### EXERCISE GOAL
For this exercise, repeat exactly the lines below starting at the line holding "[DMA A/VIIIa:95,2; text: Sapientia, Lux" and ending at the line holding "金色のVの文字を中央に、左右", both included, with no extra lines and no pictures.

### RECORDS PROVIDED
= = =

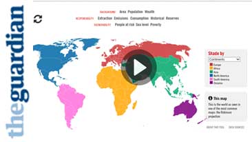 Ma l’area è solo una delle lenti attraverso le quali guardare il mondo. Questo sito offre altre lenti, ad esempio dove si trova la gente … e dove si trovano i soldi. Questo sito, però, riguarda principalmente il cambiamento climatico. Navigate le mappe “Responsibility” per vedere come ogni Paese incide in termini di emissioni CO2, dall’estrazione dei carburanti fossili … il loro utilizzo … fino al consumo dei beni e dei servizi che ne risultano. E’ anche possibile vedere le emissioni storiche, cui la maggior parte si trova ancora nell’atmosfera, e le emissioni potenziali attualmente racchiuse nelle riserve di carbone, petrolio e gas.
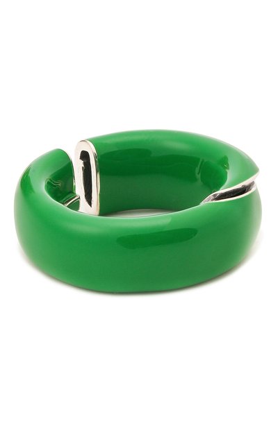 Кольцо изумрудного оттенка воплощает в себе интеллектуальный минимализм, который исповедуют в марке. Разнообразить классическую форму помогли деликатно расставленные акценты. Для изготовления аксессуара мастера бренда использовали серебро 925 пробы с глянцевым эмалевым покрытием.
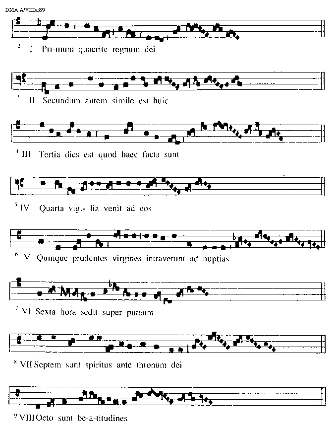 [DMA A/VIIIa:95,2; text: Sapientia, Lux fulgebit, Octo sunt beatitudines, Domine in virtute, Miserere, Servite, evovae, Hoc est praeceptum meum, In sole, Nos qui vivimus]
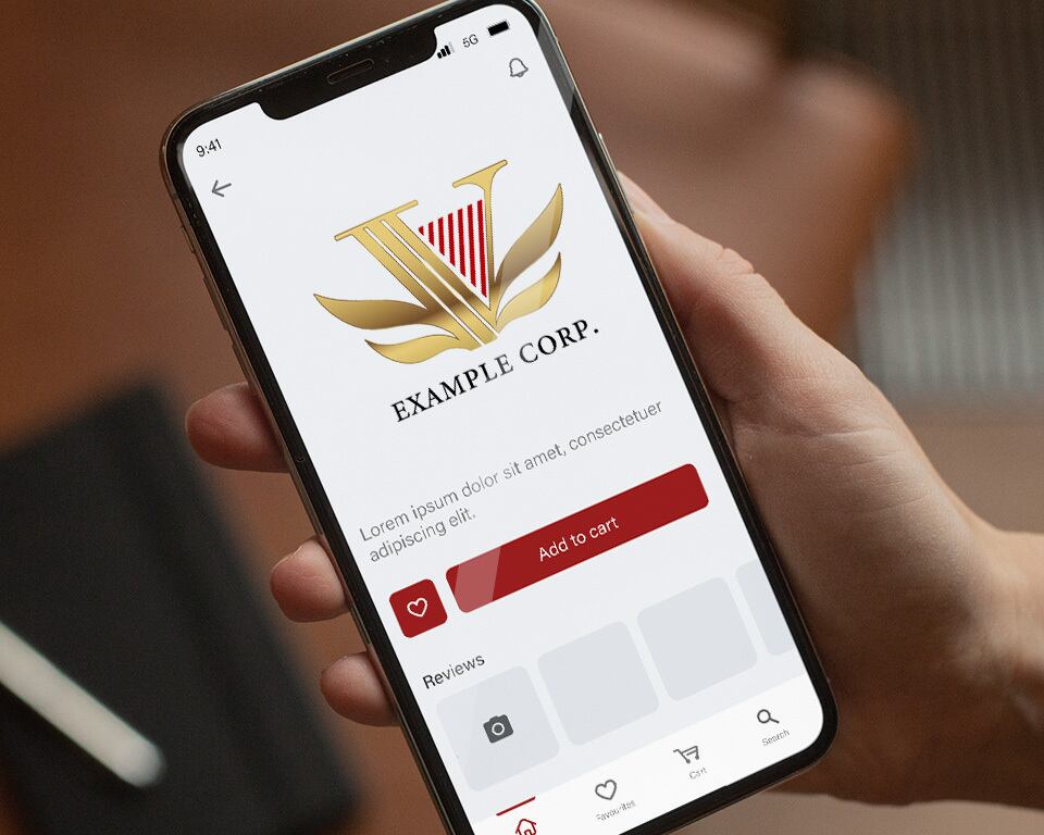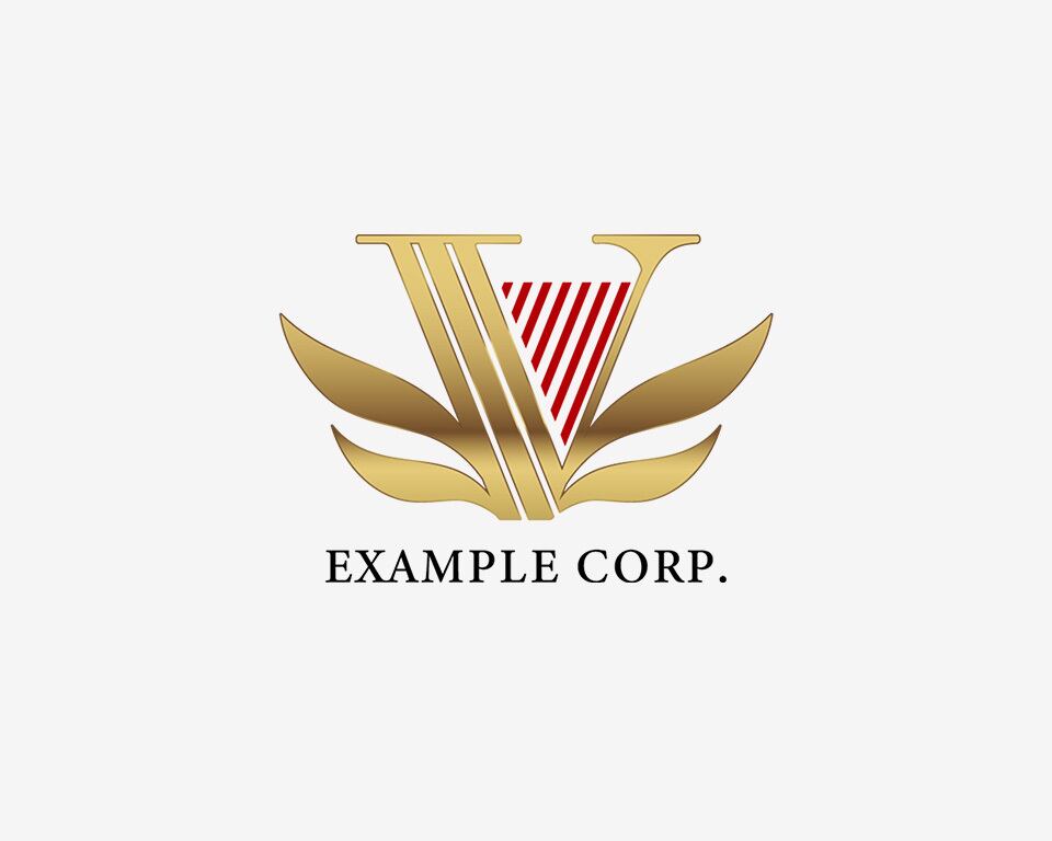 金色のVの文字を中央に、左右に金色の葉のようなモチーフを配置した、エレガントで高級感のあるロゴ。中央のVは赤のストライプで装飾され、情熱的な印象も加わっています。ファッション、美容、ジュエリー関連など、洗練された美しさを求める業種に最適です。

= = =

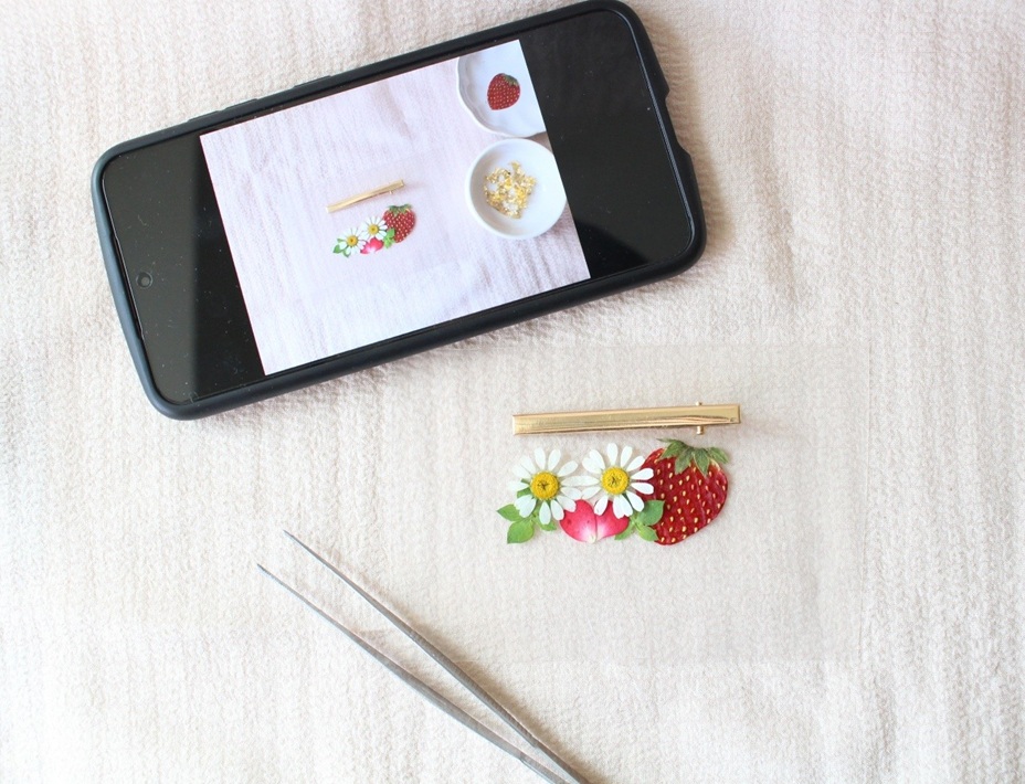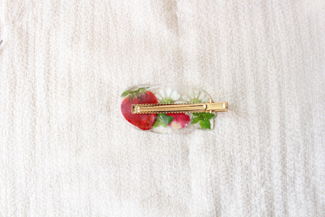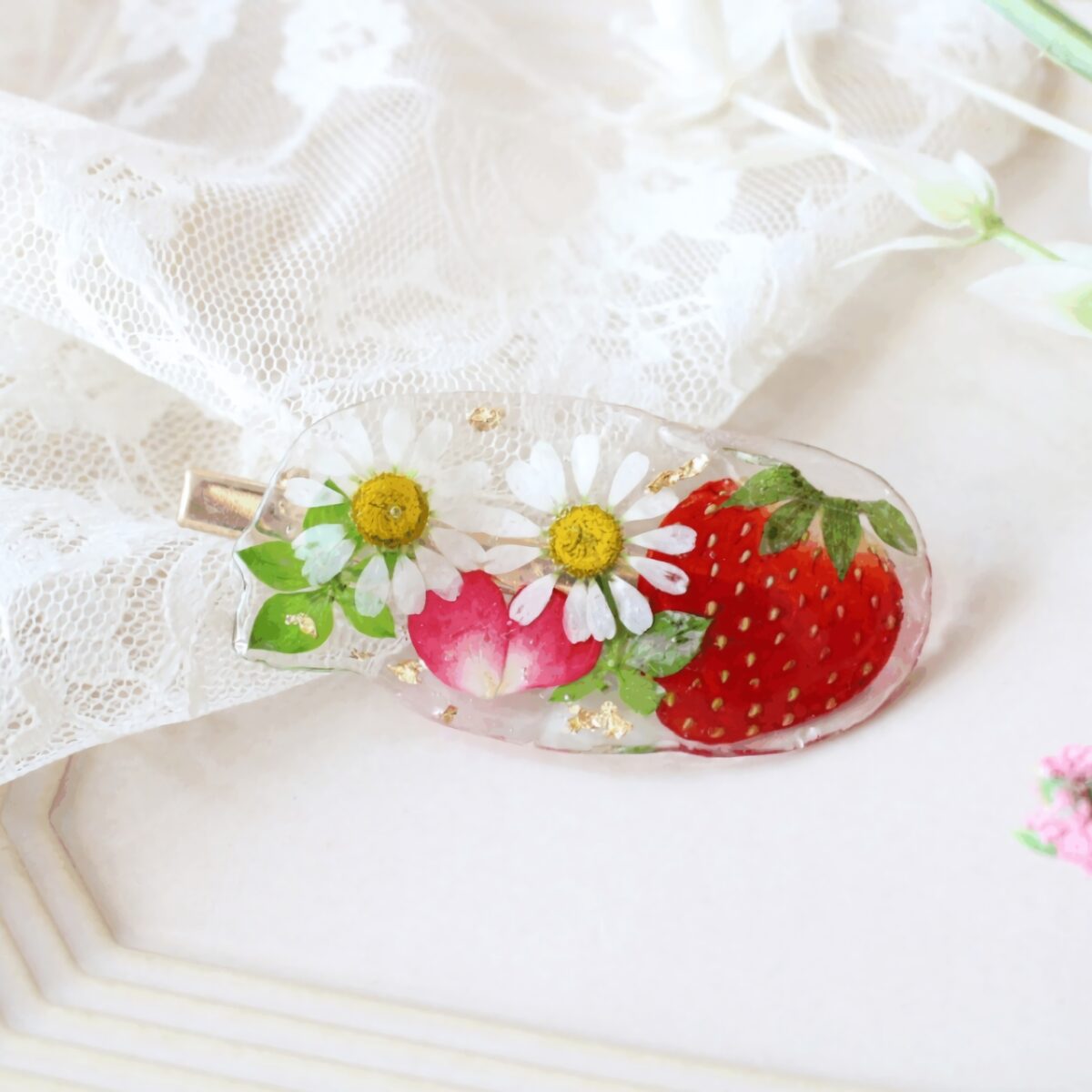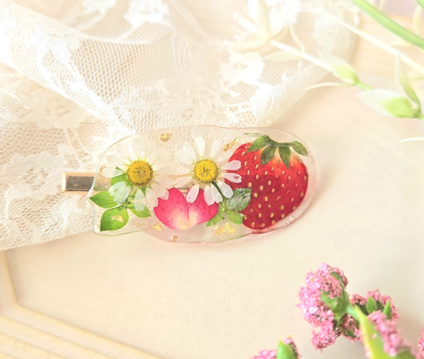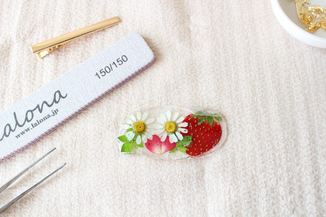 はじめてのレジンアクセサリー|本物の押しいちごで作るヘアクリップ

= = =

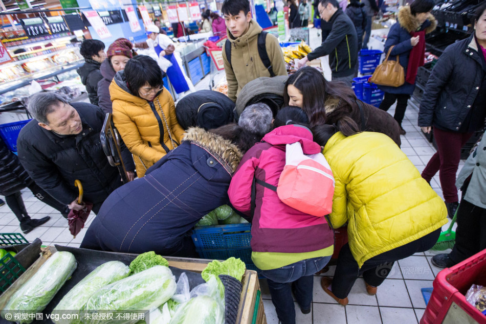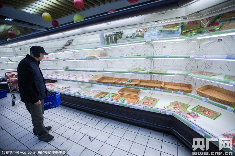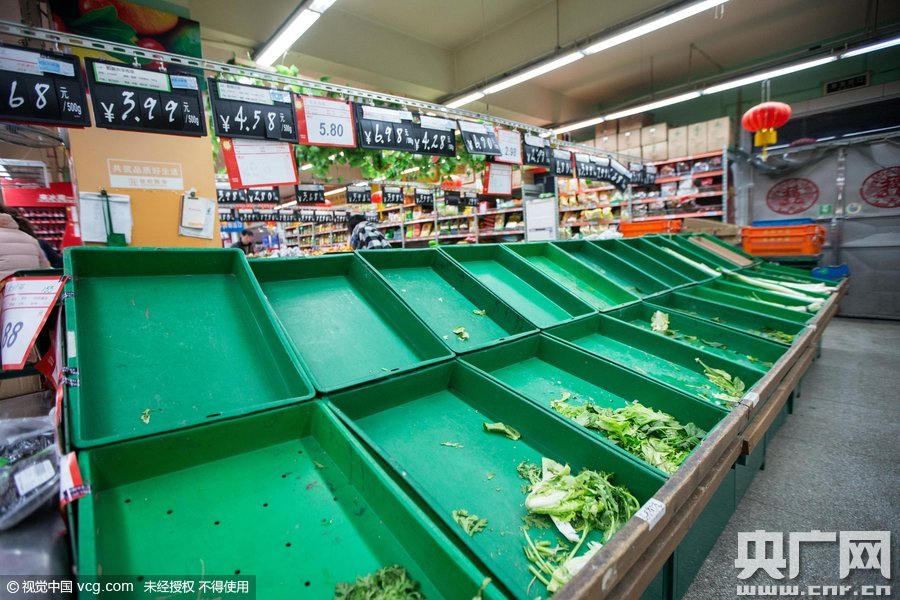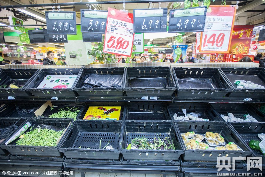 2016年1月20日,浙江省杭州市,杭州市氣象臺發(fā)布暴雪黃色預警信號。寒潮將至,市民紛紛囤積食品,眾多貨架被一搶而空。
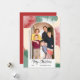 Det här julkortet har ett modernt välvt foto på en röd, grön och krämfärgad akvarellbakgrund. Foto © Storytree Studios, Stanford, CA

= = =

### SOLUTION FOR THIS EXERCISE
 [DMA A/VIIIa:95,2; text: Sapientia, Lux fulgebit, Octo sunt beatitudines, Domine in virtute, Miserere, Servite, evovae, Hoc est praeceptum meum, In sole, Nos qui vivimus]
 金色のVの文字を中央に、左右に金色の葉のようなモチーフを配置した、エレガントで高級感のあるロゴ。中央のVは赤のストライプで装飾され、情熱的な印象も加わっています。ファッション、美容、ジュエリー関連など、洗練された美しさを求める業種に最適です。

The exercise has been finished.